» **Try it**: Exactly as written, output the lines below starting from the first and ending with the line that contains "Chốt phiên, sàn"; omit pictures.

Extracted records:
>>
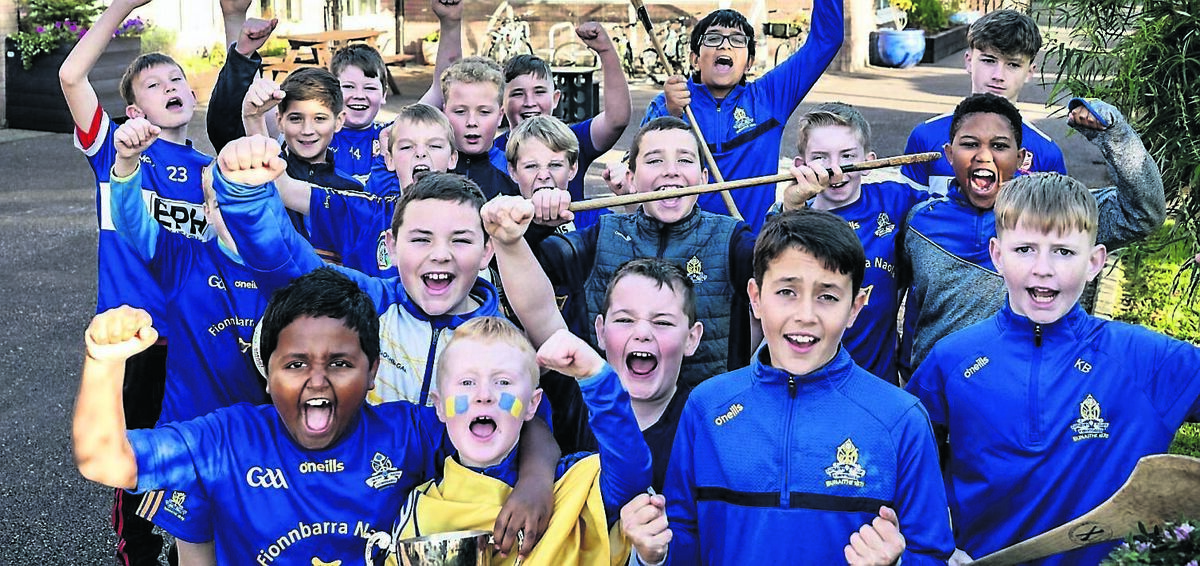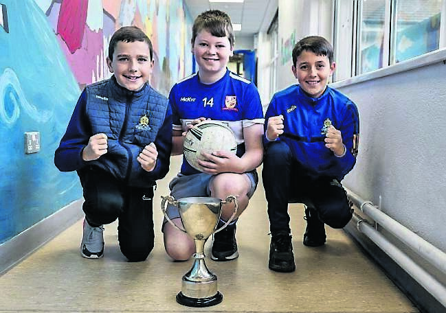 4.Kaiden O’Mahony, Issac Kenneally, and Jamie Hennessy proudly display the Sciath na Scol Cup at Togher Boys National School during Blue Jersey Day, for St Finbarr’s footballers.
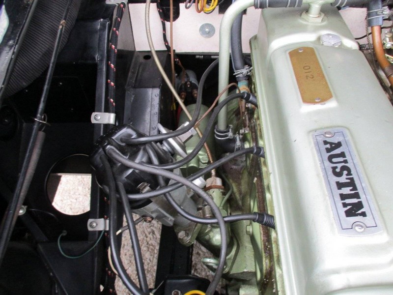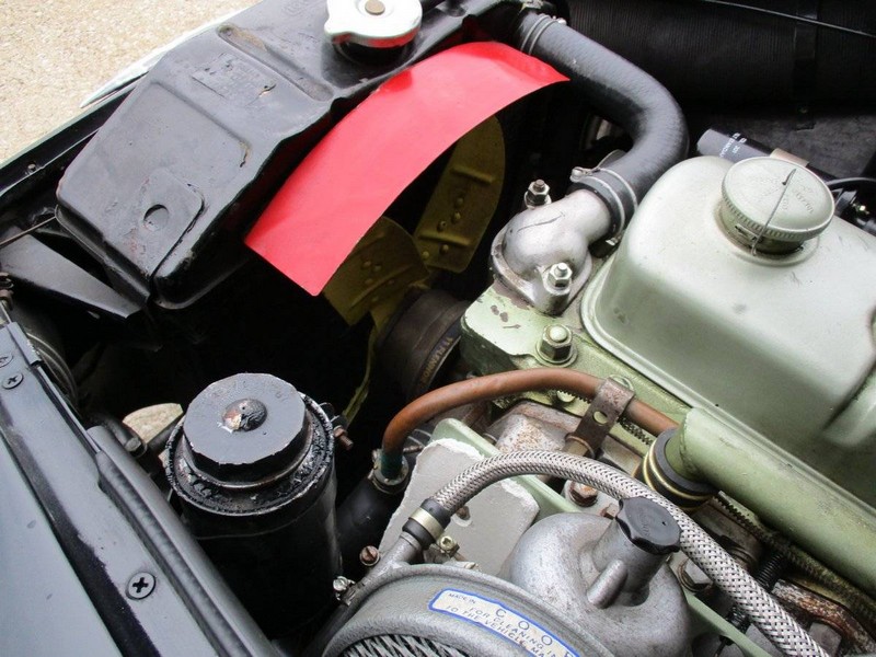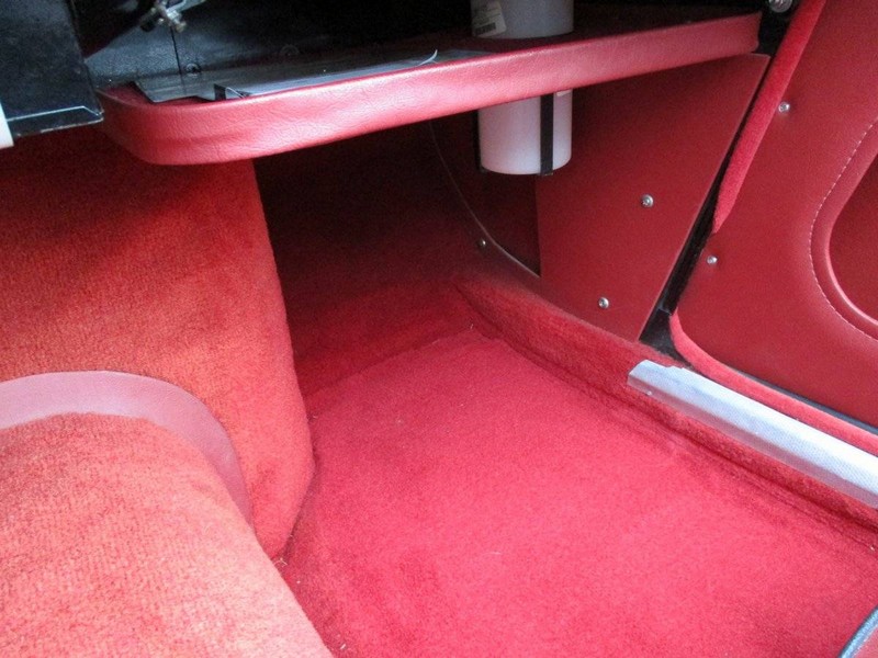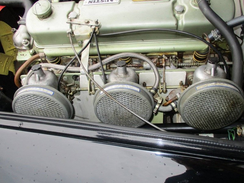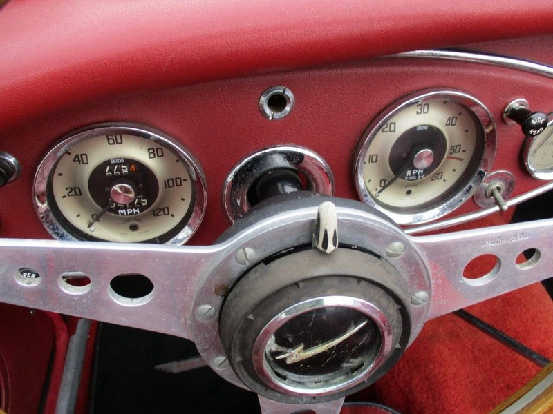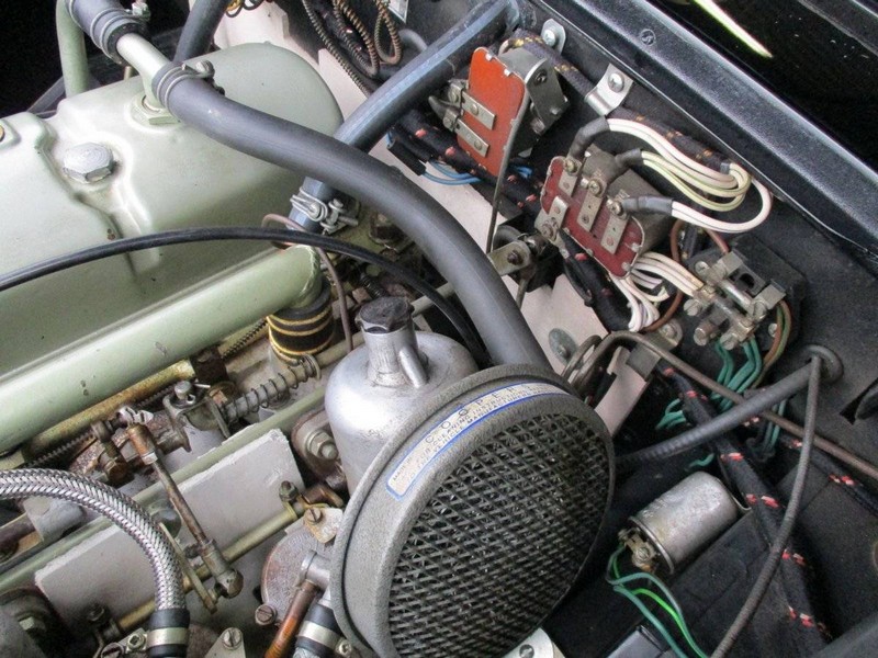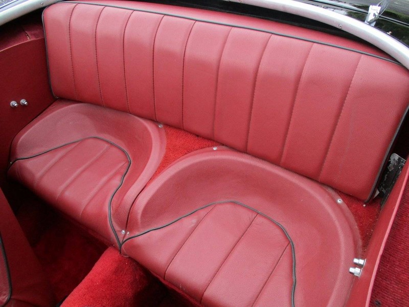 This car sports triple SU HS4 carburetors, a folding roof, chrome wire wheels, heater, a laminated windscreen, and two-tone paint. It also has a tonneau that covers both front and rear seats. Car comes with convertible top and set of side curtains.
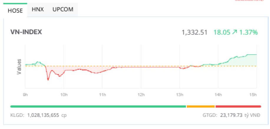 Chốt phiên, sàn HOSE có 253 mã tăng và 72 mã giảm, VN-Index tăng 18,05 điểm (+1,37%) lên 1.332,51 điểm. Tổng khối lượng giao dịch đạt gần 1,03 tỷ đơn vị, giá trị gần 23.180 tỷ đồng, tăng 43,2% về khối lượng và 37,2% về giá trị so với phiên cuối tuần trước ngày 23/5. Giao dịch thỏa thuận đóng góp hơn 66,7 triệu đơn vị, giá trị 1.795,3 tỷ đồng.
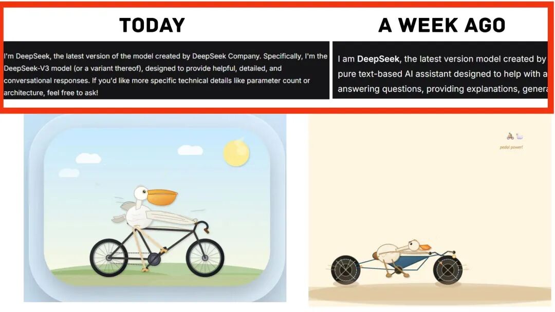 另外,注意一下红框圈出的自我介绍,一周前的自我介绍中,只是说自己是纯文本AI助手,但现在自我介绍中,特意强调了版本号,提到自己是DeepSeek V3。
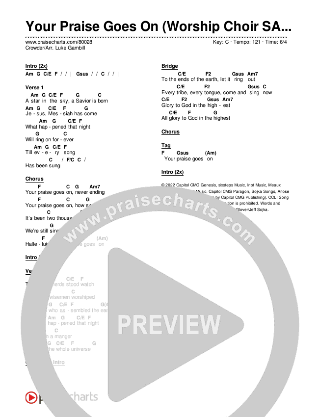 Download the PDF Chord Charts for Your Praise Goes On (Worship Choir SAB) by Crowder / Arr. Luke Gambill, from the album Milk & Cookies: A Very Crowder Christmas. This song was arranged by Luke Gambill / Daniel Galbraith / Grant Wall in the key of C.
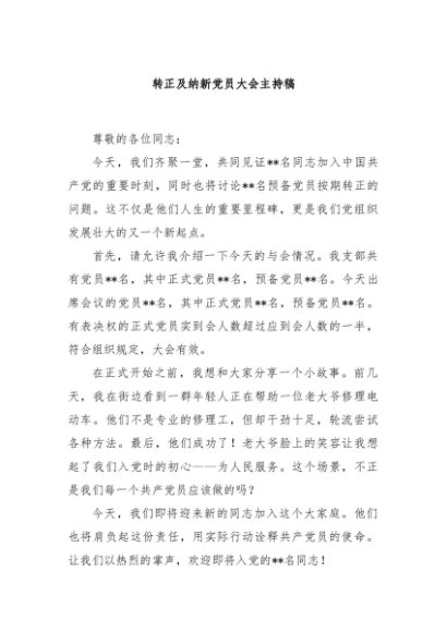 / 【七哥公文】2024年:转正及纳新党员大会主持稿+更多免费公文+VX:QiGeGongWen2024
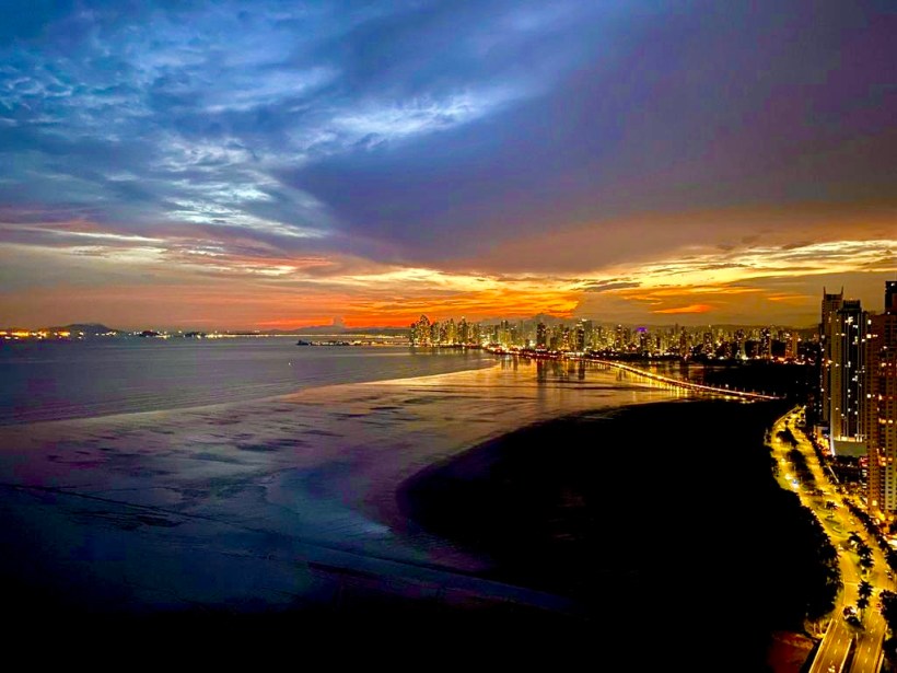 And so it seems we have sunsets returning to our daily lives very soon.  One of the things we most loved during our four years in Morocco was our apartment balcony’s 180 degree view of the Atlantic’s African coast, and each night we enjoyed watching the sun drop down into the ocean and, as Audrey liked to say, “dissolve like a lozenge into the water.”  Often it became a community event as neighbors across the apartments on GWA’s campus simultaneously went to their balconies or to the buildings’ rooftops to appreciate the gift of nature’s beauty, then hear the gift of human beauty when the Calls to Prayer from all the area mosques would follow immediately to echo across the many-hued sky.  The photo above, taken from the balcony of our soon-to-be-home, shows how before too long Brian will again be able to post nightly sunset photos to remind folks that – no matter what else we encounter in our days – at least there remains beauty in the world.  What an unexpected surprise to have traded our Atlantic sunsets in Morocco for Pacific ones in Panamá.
<<
» **Answer for this exercise**:
 4.Kaiden O’Mahony, Issac Kenneally, and Jamie Hennessy proudly display the Sciath na Scol Cup at Togher Boys National School during Blue Jersey Day, for St Finbarr’s footballers.
 This car sports triple SU HS4 carburetors, a folding roof, chrome wire wheels, heater, a laminated windscreen, and two-tone paint. It also has a tonneau that covers both front and rear seats. Car comes with convertible top and set of side curtains.
 Chốt phiên, sàn HOSE có 253 mã tăng và 72 mã giảm, VN-Index tăng 18,05 điểm (+1,37%) lên 1.332,51 điểm. Tổng khối lượng giao dịch đạt gần 1,03 tỷ đơn vị, giá trị gần 23.180 tỷ đồng, tăng 43,2% về khối lượng và 37,2% về giá trị so với phiên cuối tuần trước ngày 23/5. Giao dịch thỏa thuận đóng góp hơn 66,7 triệu đơn vị, giá trị 1.795,3 tỷ đồng.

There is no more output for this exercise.